Precolonial state in southeastern Africa

The Teve kingdom or Uteve was a precolonial state in modern-day Mozambique belonging to the Teve people (a Shona sub-group). The state was headed by a Sachiteve.

Mutapa tradition says that Mwenemutapa Mukombero (r. late-15th century) was assisted in gaining control over Uteve by Changamire I, and placed his own son Manyenganyura as its ruler. Some Teve traditions however say that Bandahuma fled his brother, the incumbent Mwenemutapa, and was assisted by a 'Changamire' in conquering Uteve to become the first Sachiteve. In the early-16th century, the Sachiteve declared independence from Mutapa with the help of Changamire II, and conquered Madanda where he placed his younger brother as the first Sedanda. Over the following decades Uteve embarked on campaigns of expansion in an attempt to control the lucrative trade route from Portuguese-controlled Sofala to gold-producing Manyika and came into conflict with Mutapa, though little is known of the Mutapa–Teve wars and their outcome, except that they continued into the 1540s.

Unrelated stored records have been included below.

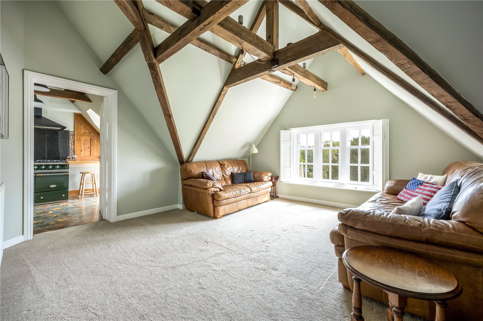 Number five is situated on the top floor, accessed via the South side to the manor house and either via the stairs, or by lift. The lobby offers room for storage and has a set of spiral stairs up to an incredible roof terrace. With far reaching views across open fields and beyond, this is a truly breathtaking space offering complete tranquillity and privacy.
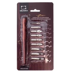Набор для каллиграфии от бренда « Малевичъ » отлично подойдет тем, кто начал интересоваться искусством красивого письма. В наборе 9 перьев с различной формой и толщиной наконечника и держатель. Перья и держатель универсальны и могут использоваться с инструментами для каллиграфии других брендов.
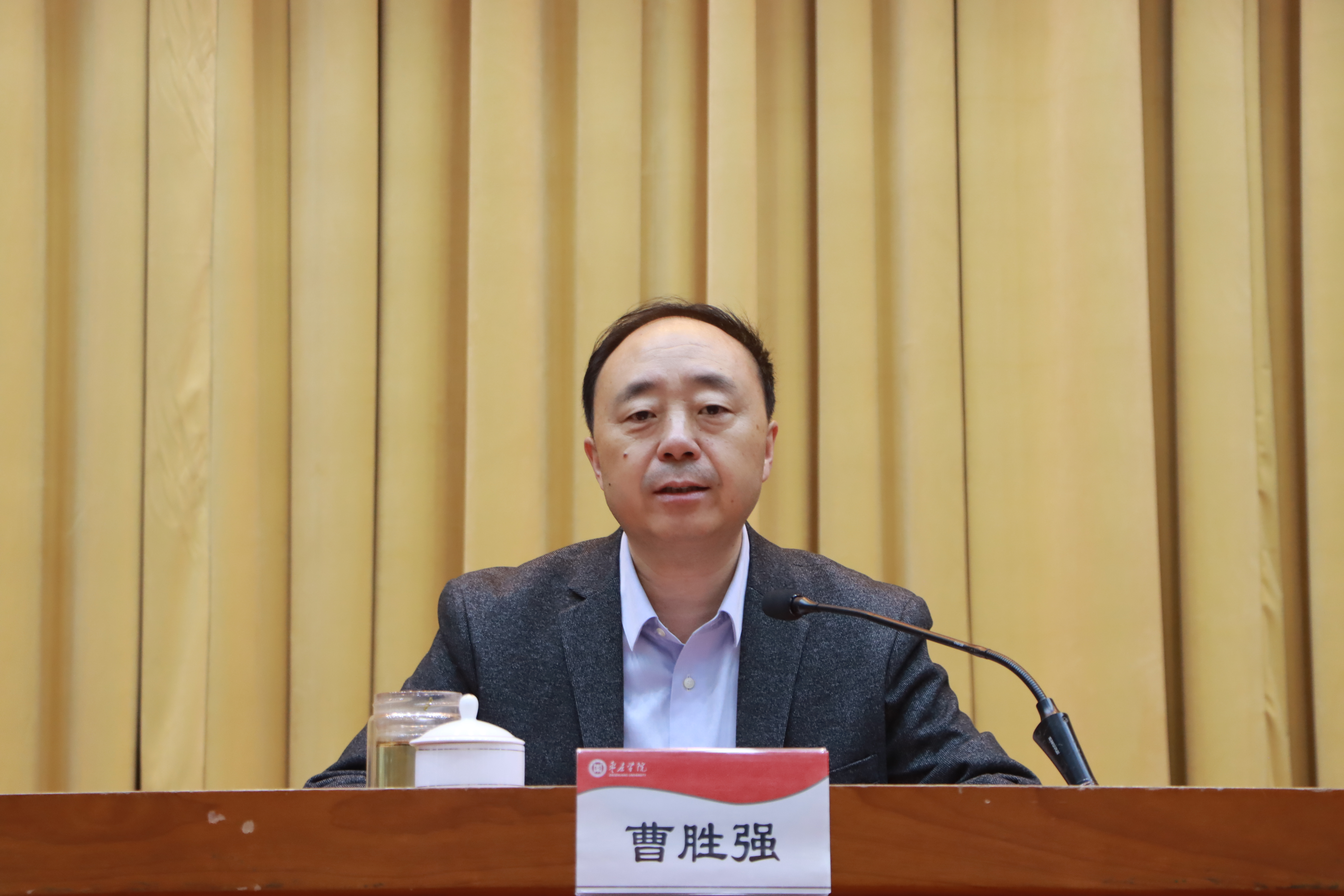 3月17日下午,我校在综合楼报告厅召开党史学习教育动员大会,部署安排我校党史学习教育工作。校党委书记曹胜强围绕深入学习贯彻习近平总书记在党史学习教育动员大会上的重要讲话精神、认真贯彻落实省委和全省教育系统动员大会精神,紧密结合我校改革发展实际做了动员讲话。校领导李文喜、曾宪明、李目海、路绪剑、丰雷、安涛、张昌林、林勇出席会议,全校副处级以上干部参加会议。会议由校长李文喜主持。
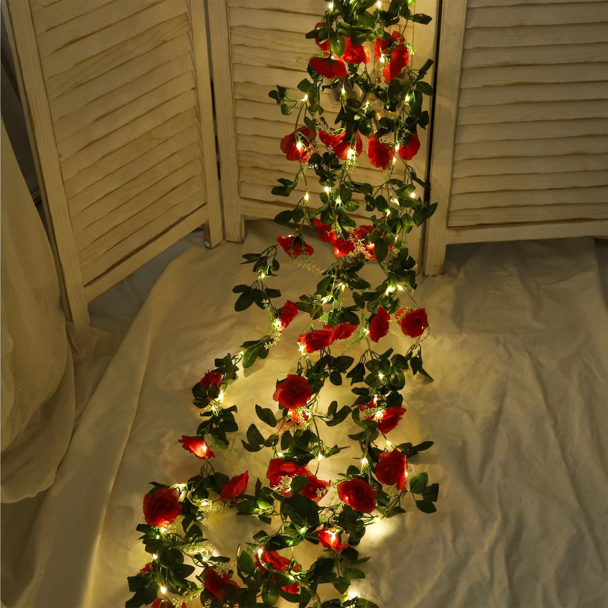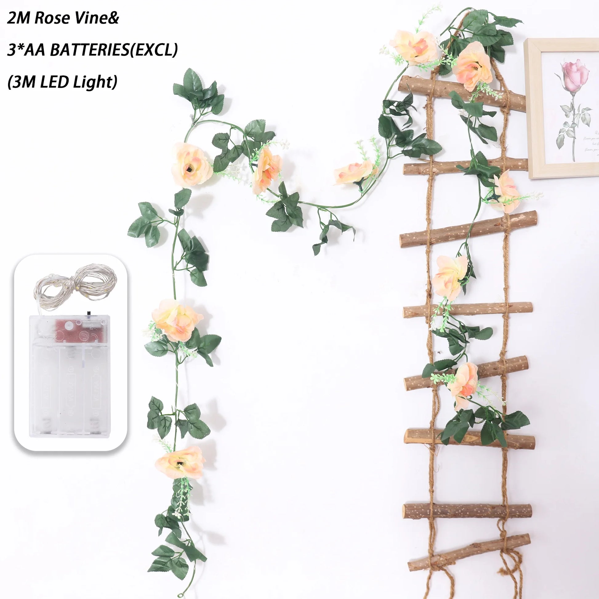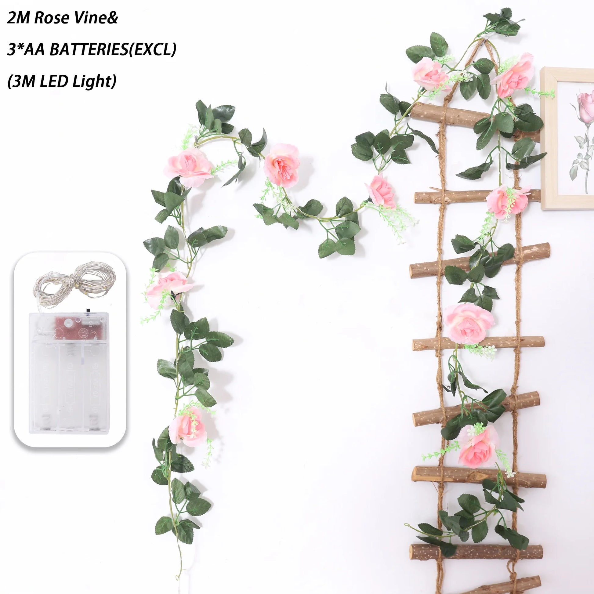 200cm Rose Artificial Flowers Vine LED String Lights For Wedding Garland Home Decor Fake Rose Rattan Hanging Wall Arch Ornament
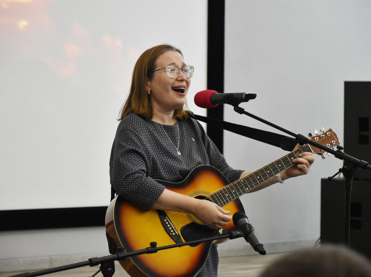 Анатолий Артамонов также сыграл большую роль и в судьбе учеников гимназии № 31. Для фотографа и всех гостей Юговки учитель гимназии Наталья Лобанова выступила с песнями под гитару, которые по традиции поют у костра в походах.
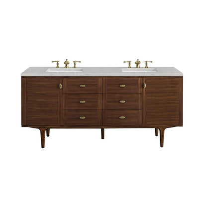 James Martin Vanities Amberly 72" Mid-Century Walnut Bathroom Vanity with Quartz Top
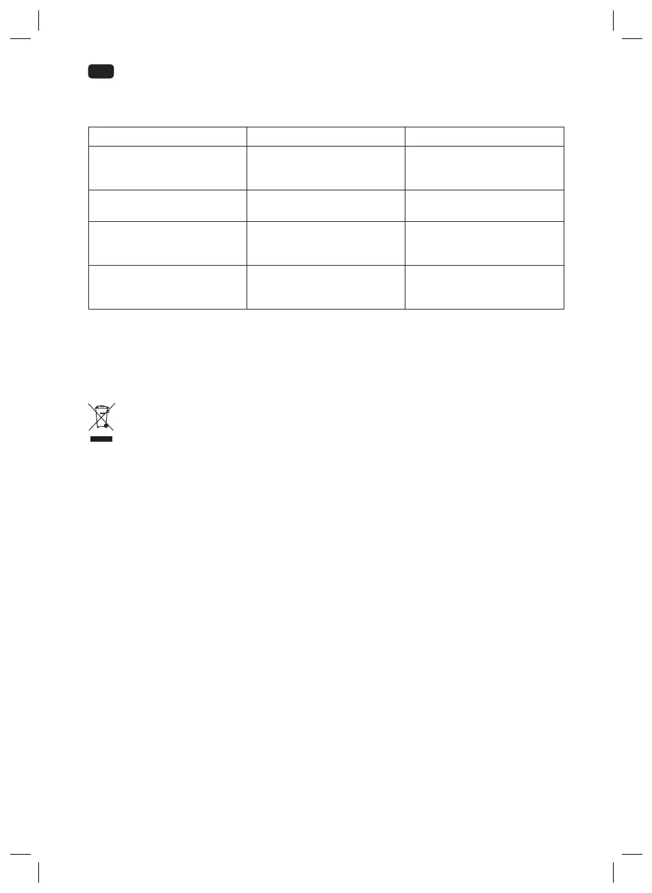 If there are any problems during operation, please refer to the following table. If problems cannot be
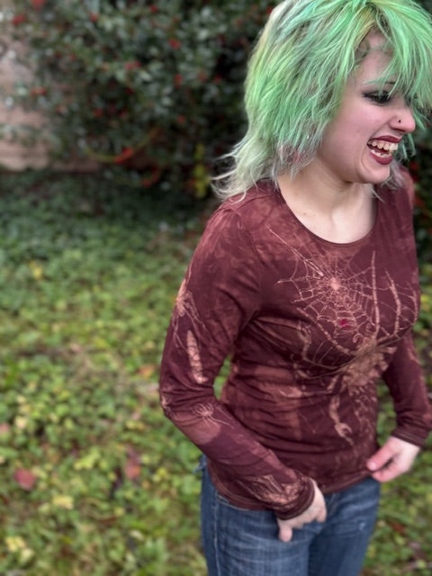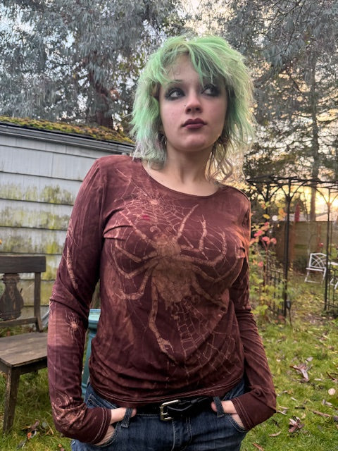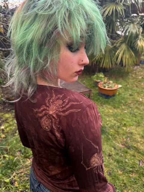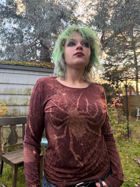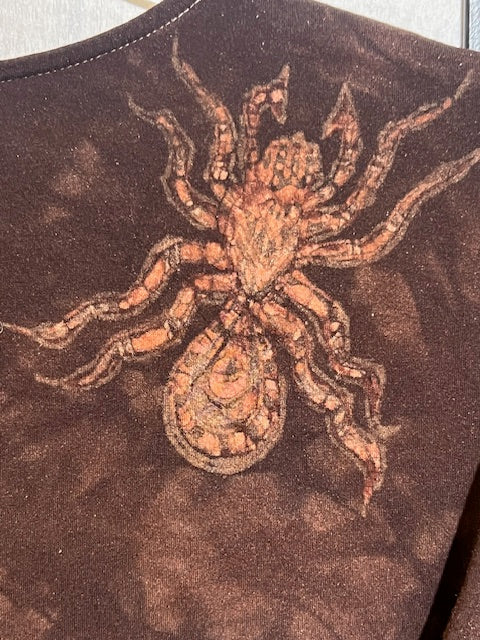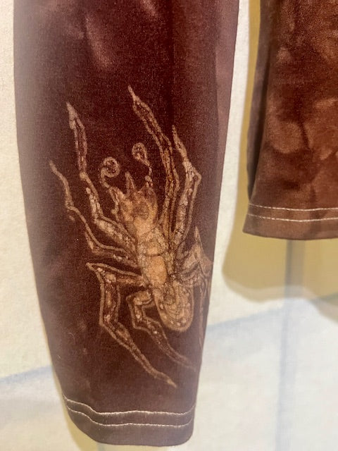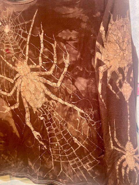 Overcome your fear of the Arachnid with this specially hand painted and richly dyed Brown Spider shirt in the softest material! Brown spiders all over, crawling up your arm, weaving a victim in its coffin web, and your friends will scream at the big tarantula crawling up your shoulder!
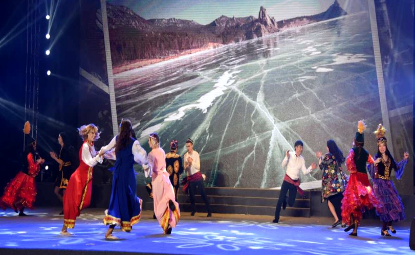 俄羅斯與哈薩克斯坦等國留學(xué)生表演民族舞,我院艾瑪、莫丁參加表演
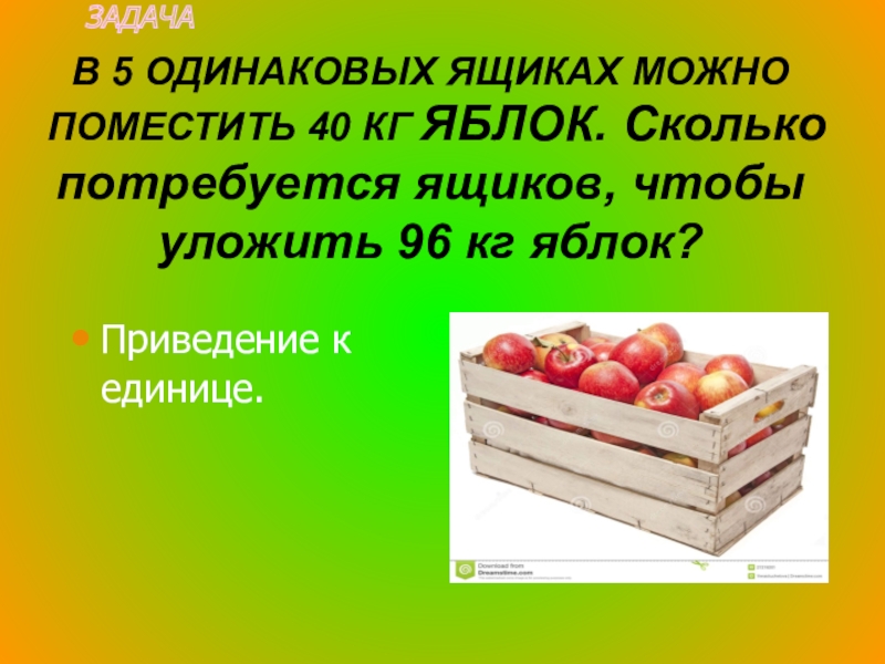 В 5 ОДИНАКОВЫХ ЯЩИКАХ МОЖНО ПОМЕСТИТЬ 40 КГ ЯБЛОК. Сколько потребуется ящиков, чтобы уложить 96 кг яблок?
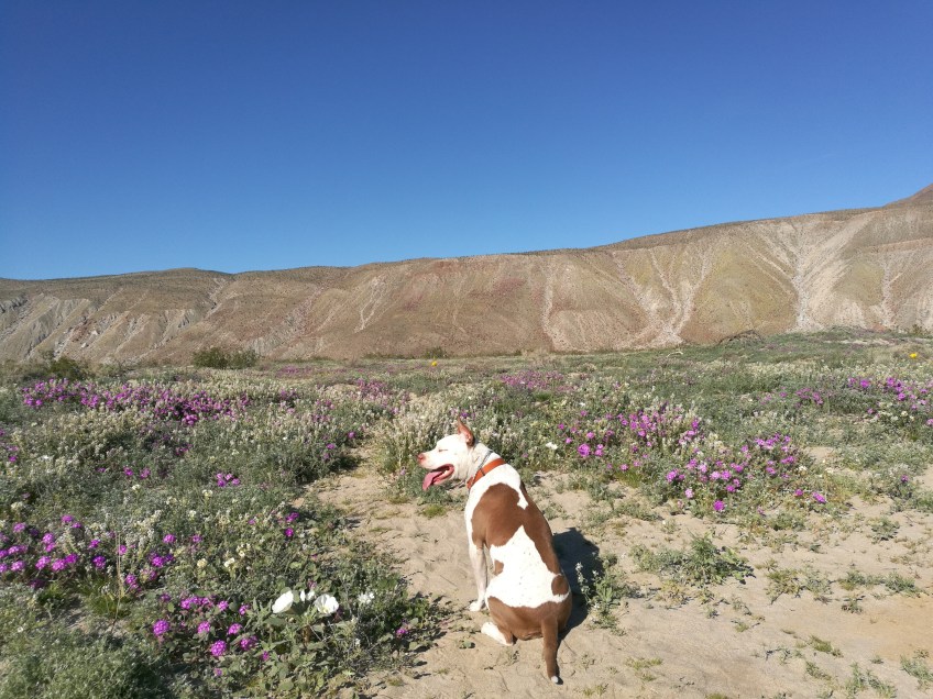 dav Published April 17, 2017 at 3968 × 2976 in Day 5- Anza-Borrego Desert State Park- Palm Canyon Campground Dakota posing in the middle of the Desert Sand Verbena
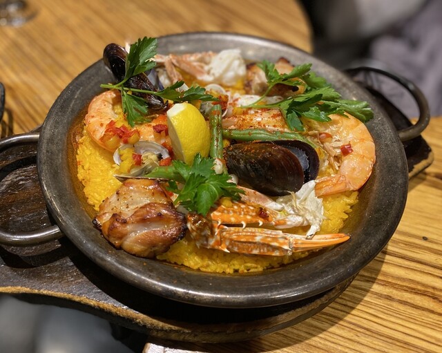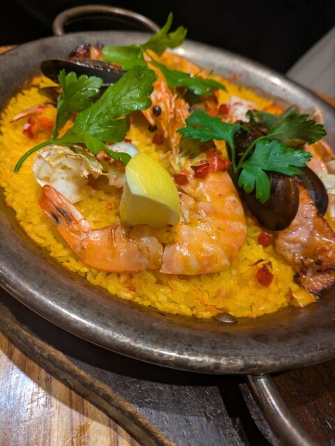 日曜ディナー。今日は歌舞伎鑑賞をした後に入れるお店を探し、こちらを初訪問。21時過ぎでしたがまだまだ賑わっており、なんとかすぐに座れました。こちらのお店はスペイン料理のお店で、お目当てはパエリア。それ...

In the early-17th century the Portuguese supported a candidate to the kingship who reportedly supplanted the rightful ruler and paid tribute to them. In the 1640s, a Portuguese settler helped the Sachiteve remain in power, and in reward took the whole northern part of Uteve as his prazo. In the 1690s, during the rise of Changamire Dombo and the Rozvi, the Portuguese attempted another coup against the incumbent Sachiteve, but were repelled by a rebellion which saw Uteve regain its sovereignty in a reduced form. In the 1830s, the region was invaded by Nguni groups who had fled the Mfecane, and a puppet ruler was installed by Nxaba.